§ TASK REQUIREMENTS:
Each entry should be returned exactly as written, with no pictures carried over.

§ GIVEN INFORMATION:
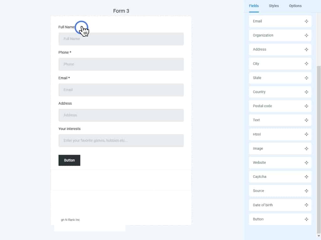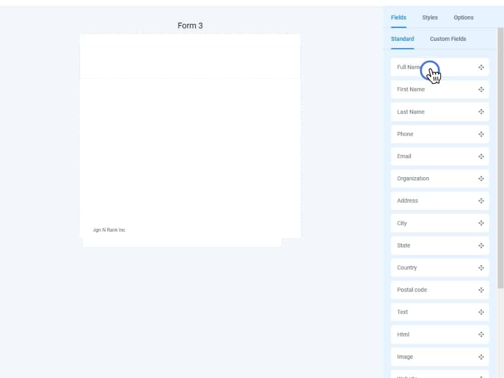 Let's start with a Full Name element. Drag and drop Full Name onto your canvas.
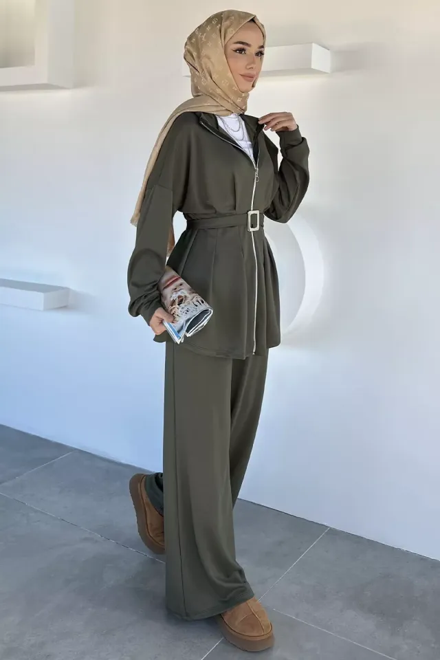 طقم بنطلون مكون من تونيك بأكمام طويلة وتفاصيل ناعمة من الحبيبات اللامعة، يمنحك إطلالة محتشمة وراقية مثالية للزيارات المسائية أو الطلعات الأنيقة بدون مجهود للنساء.
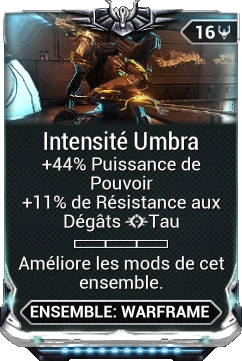 Intensité, augmentant la puissance des capacités de la Warframe et la résistance aux dégâts contre les Sentients.
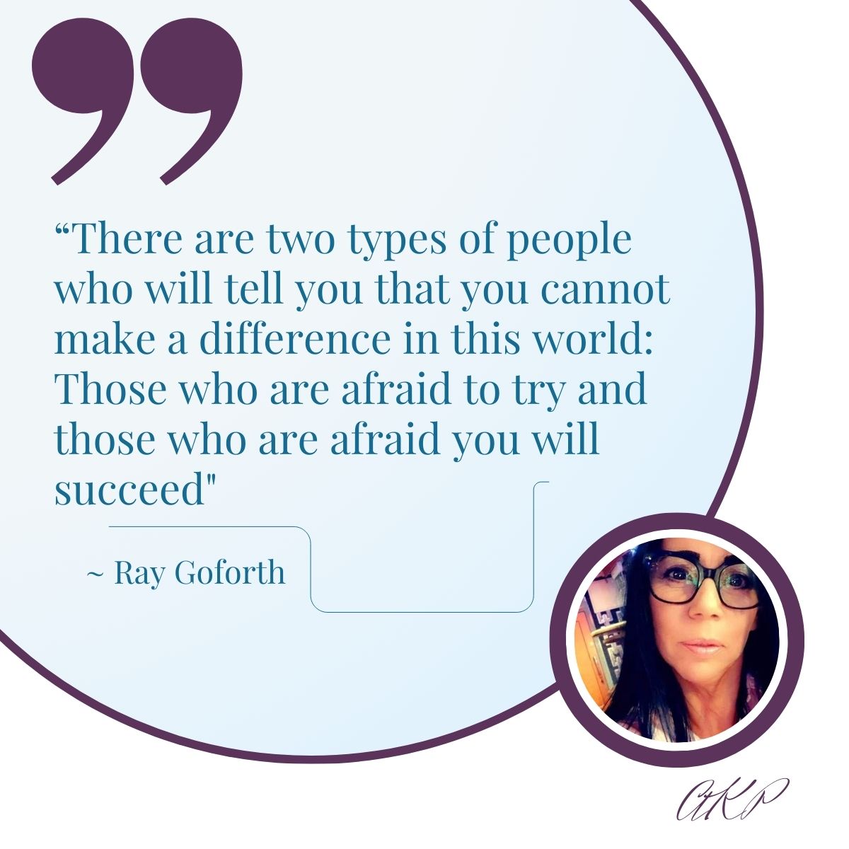 “There are two types of people who will tell you that you cannot make a difference in this world: Those who are afraid to try and those who are afraid you will succeed” ~ Ray Goforth
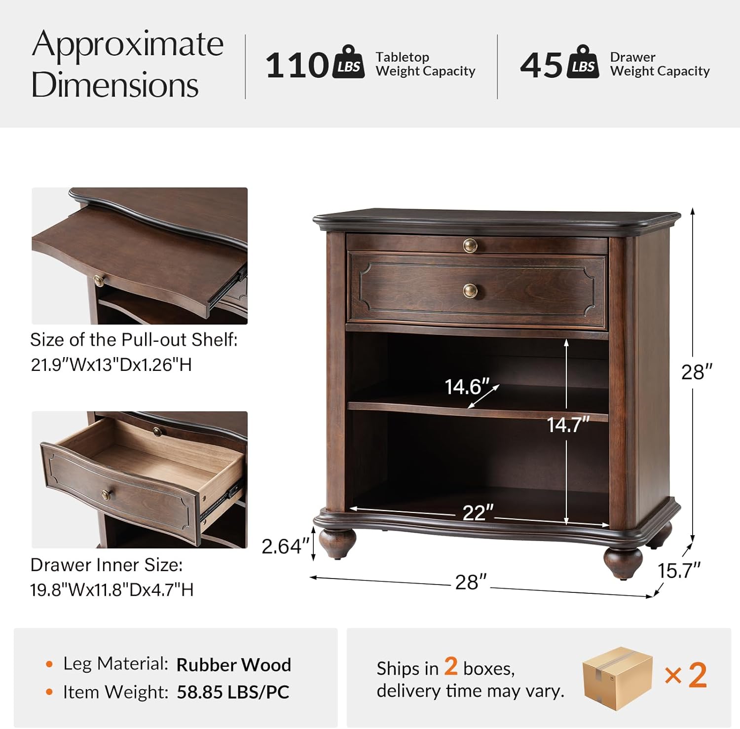 - Pull-Out Shelf Design - Features a cleverly integrated pull-out shelf, offering an extra platform for nightly essentials like phones, books, or glasses.
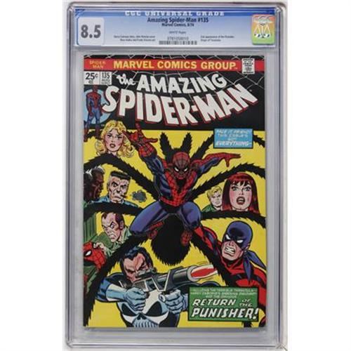 <B>The Amazing Spider-Man #135 (Marvel, 1974) CGC VF+ 8.5 White pages.</B></I> Second full appearance of the Punisher. Origin of the Tarantula. John Romita Sr. cover. Ross Andru art. Overstreet 2007 VF 8.0 value = $53; VF/NM 9.0 value = $82. CGC census 3/08: 40 in 8.5, 238 higher. <I> From the Furfferi Collection.</B></I><BR><BR><b>Shipping:</b> Comics - Slabbed (certified) (<a target="_blank" href="http://www.heritageauctions.com/common/shipping.php">view shipping information</a>)
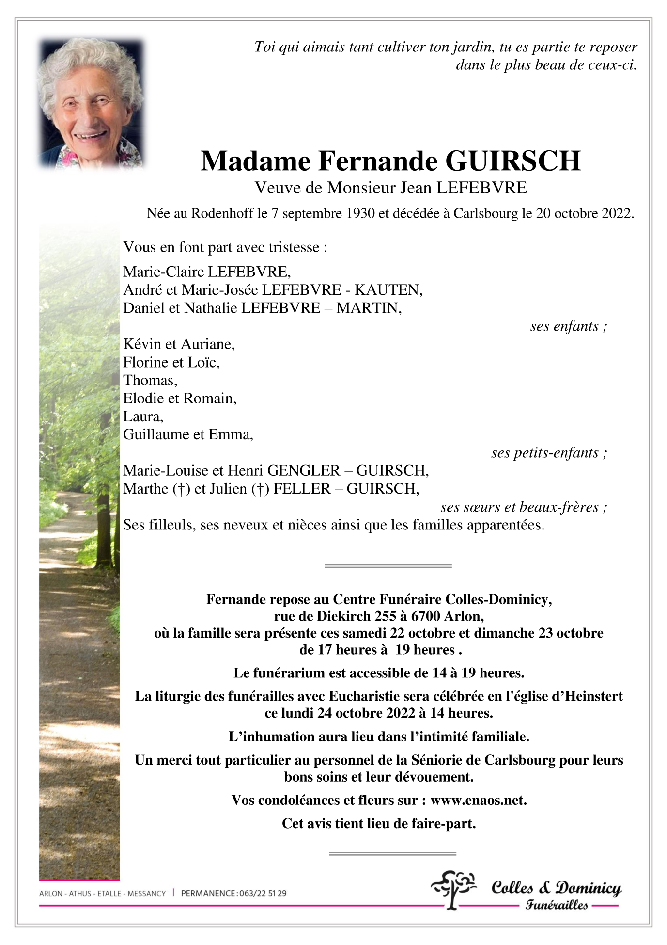 Décédée à Carlsbourg (6850) le jeudi 20 octobre 2022 à l'âge de 92 ans

§ REPLY TO THE EXERCISE:
 Let's start with a Full Name element. Drag and drop Full Name onto your canvas.
 طقم بنطلون مكون من تونيك بأكمام طويلة وتفاصيل ناعمة من الحبيبات اللامعة، يمنحك إطلالة محتشمة وراقية مثالية للزيارات المسائية أو الطلعات الأنيقة بدون مجهود للنساء.
 Intensité, augmentant la puissance des capacités de la Warframe et la résistance aux dégâts contre les Sentients.
 “There are two types of people who will tell you that you cannot make a difference in this world: Those who are afraid to try and those who are afraid you will succeed” ~ Ray Goforth
 - Pull-Out Shelf Design - Features a cleverly integrated pull-out shelf, offering an extra platform for nightly essentials like phones, books, or glasses.
 <B>The Amazing Spider-Man #135 (Marvel, 1974) CGC VF+ 8.5 White pages.</B></I> Second full appearance of the Punisher. Origin of the Tarantula. John Romita Sr. cover. Ross Andru art. Overstreet 2007 VF 8.0 value = $53; VF/NM 9.0 value = $82. CGC census 3/08: 40 in 8.5, 238 higher. <I> From the Furfferi Collection.</B></I><BR><BR><b>Shipping:</b> Comics - Slabbed (certified) (<a target="_blank" href="http://www.heritageauctions.com/common/shipping.php">view shipping information</a>)
 Décédée à Carlsbourg (6850) le jeudi 20 octobre 2022 à l'âge de 92 ans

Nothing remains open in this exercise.